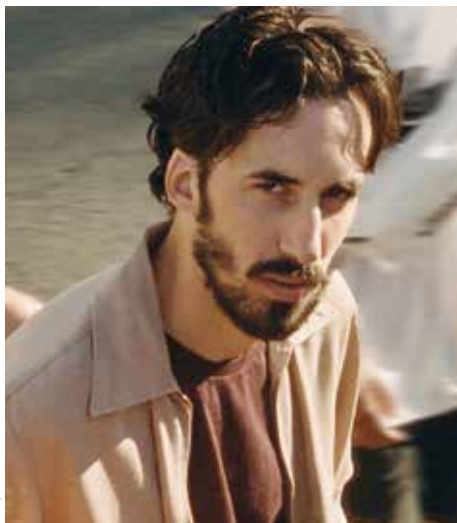
Lomepal
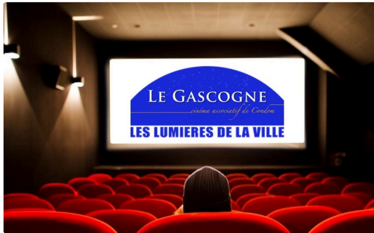
Les lumières de la ville vont à nouveau éclairer Le Gascogne !

Après trois mois sans programmation, l'écran du cinéma condomois va s'animer à nouveau
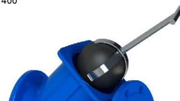
Pormenor da extração da bola através da chave para remoção de bola [ref.05.800]
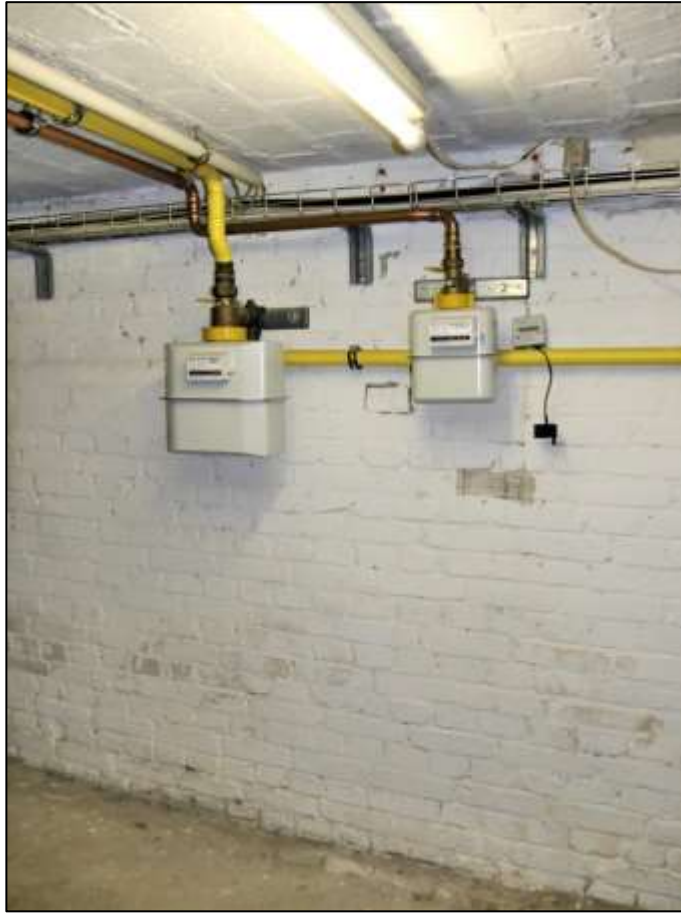
Gaszähler mit separatem Un- terzähler im Kellergeschoss für die im EG des Vorderhau- ses rechts be- legene Gewer- beeinheit
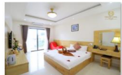
Double room 1
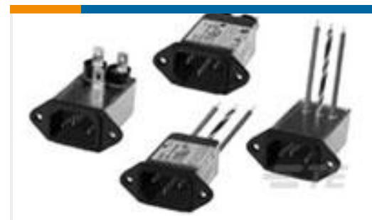
TE 产品编号6609017-9 6EC1=F7284 S0
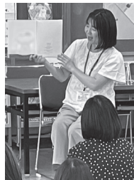
読み聞かせの様子

絵本は、おとなも子ども・赤ちゃんも関係なく、みんなで楽しむことができます。これからも絵本専門士の活動を通して、みなさんに絵本の魅力を伝えていきたいと思っています。ぜひ、一緒に絵本を楽しみましょう。
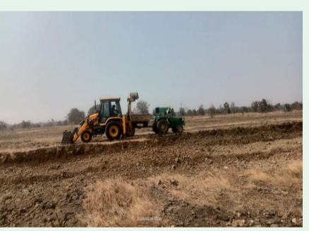
అక్రమ మట్టి తవ్వకాలు

అక్రమ మట్టి తవ్వకాలు టీకాల్, నవతరం: వాల్టా చట్టానికి వ్యతిరేకంగా ప్రభుత్వ భూముల్లో నుంచి మట్టి తవ్వకాలు జరిపి ప్రభుత్వ ఆదాయానికి గండి కొడుతున్న వైనం అల్లారుద్దంలో చోటుచేసుకుంది. మండలంలోని చేపల్ల గ్రామ సమీపంలో ఉన్న ప్రభుత్వ భూముల్లో నుంచి అల్లారుద్దం గ్రామానికి చెందిన వ్యక్తులు అక్రమంగా మట్టి తవ్వకాలు జరిపి తమ సొంత వ్యాపారానికి పార్టీ ఫార్మ్ కు వినియోగించుకుంటున్నారు. ఎలాంటి అనుమతులు లేకుండా ప్రభుత్వ నిబంధనలకు విరుద్ధంగా ఎవరు ప్రవర్తించిన చర్యలు తీసుకుంటామన్న అధికారులు అక్రమ మట్టి తవ్వకాలను చేపడుతున్న వారిపై ఎలాంటి చర్యలు తీసుకుంటారో వేచి చూడాల్సింది..
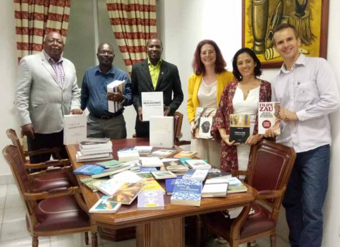
Doação de livros na biblioteca da UNIA.

Agradecimentos. Registro aqui a gratidão à equipex amparadora, que, generosamente, permitiu-me viajar para conhecer de perto a realidade angolana e iniciar a contribuição retributiva internacional pararreurbanizatória para tantos aportes recebidos por mim ao longo desta existência.
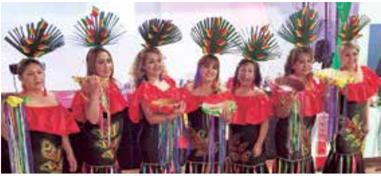
El grupo de danzas, Intrépidos Soñadores
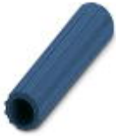
Isolierhülse, Farbe: blau
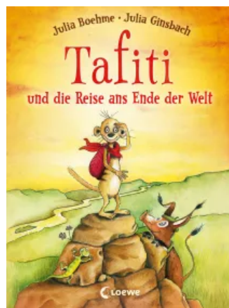
Tafiti und die Reise ans Ende der Welt (Band 1) Hardcover
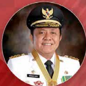
Herman Deru Gubernur Sumatera Selatan
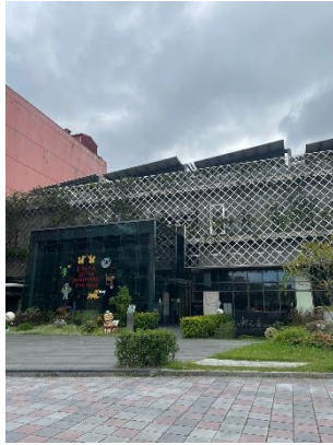
Gambar 2.2 Kuo Yuan Ye
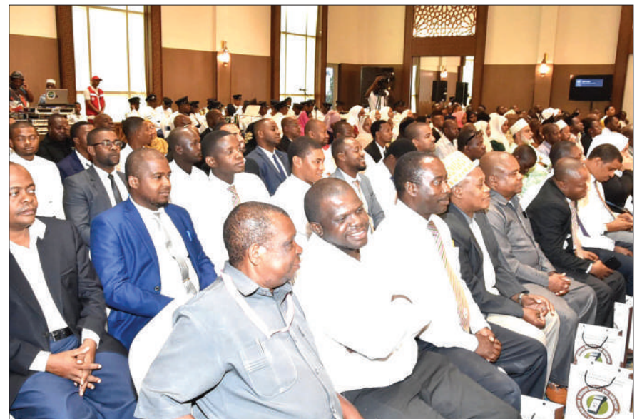
Wafanyakazi wa Mamlaka ya Mapato Zanzibar (ZRB) wakifuatilia kwa makini hotuba iliyotolewa na Rais wa Zanzibar Dk. Hussein Mwinyi.
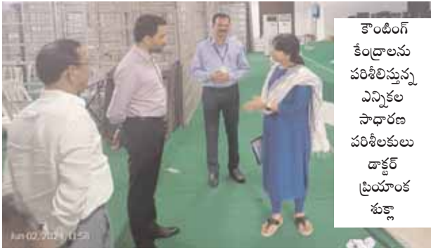
కౌంటింగ్ కేంద్రాలను పరిశీలిస్తున్న ఎన్నికల సాధారణ పరిశీలకులు డాక్టర్ ప్రియాంక శుక్లా

ఎన్నికల సాధారణ పరిశీలకులు డాక్టర్: ప్రియాంక శుక్లా
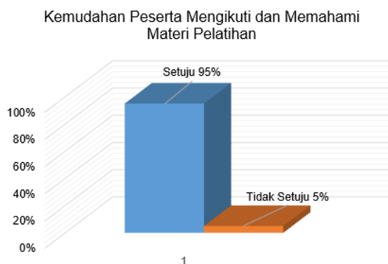
Gambar 3. Kemudahan Peserta Mengikuti dan Memahami Materi

Selanjutnya berkaitan dengan hasil evaluasi penyelesaian peserta dalam pengisian BKD menunjukkan hasil bahwa 80% peserta telah menyelesaikan pengisian BKD dan mengirimkan LBKD kepada Asesor dan 20% peserta masih belum menyelesaikan dikarenakan masih melengkapi bukti-bukti pendukung kinerja. Gambar 4 menampilkan grafik hasil dari penyelesaian peserta mengisi BKD.
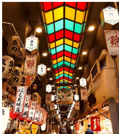
京都錦市場商店街

「四条通り」や近くの「錦市場」には、京都ならではの歴史ある店舗からさまざまな店舗が並び、ご旅行中のお食事やお買い物をお楽しみいただけます。

-=-=-

* **WHAT IS NEEDED**
Filter the records above down to the lines containing "nouveau".

* **RESPONSE AREA**
Les lumières de la ville vont à nouveau éclairer Le Gascogne !
Après trois mois sans programmation, l'écran du cinéma condomois va s'animer à nouveau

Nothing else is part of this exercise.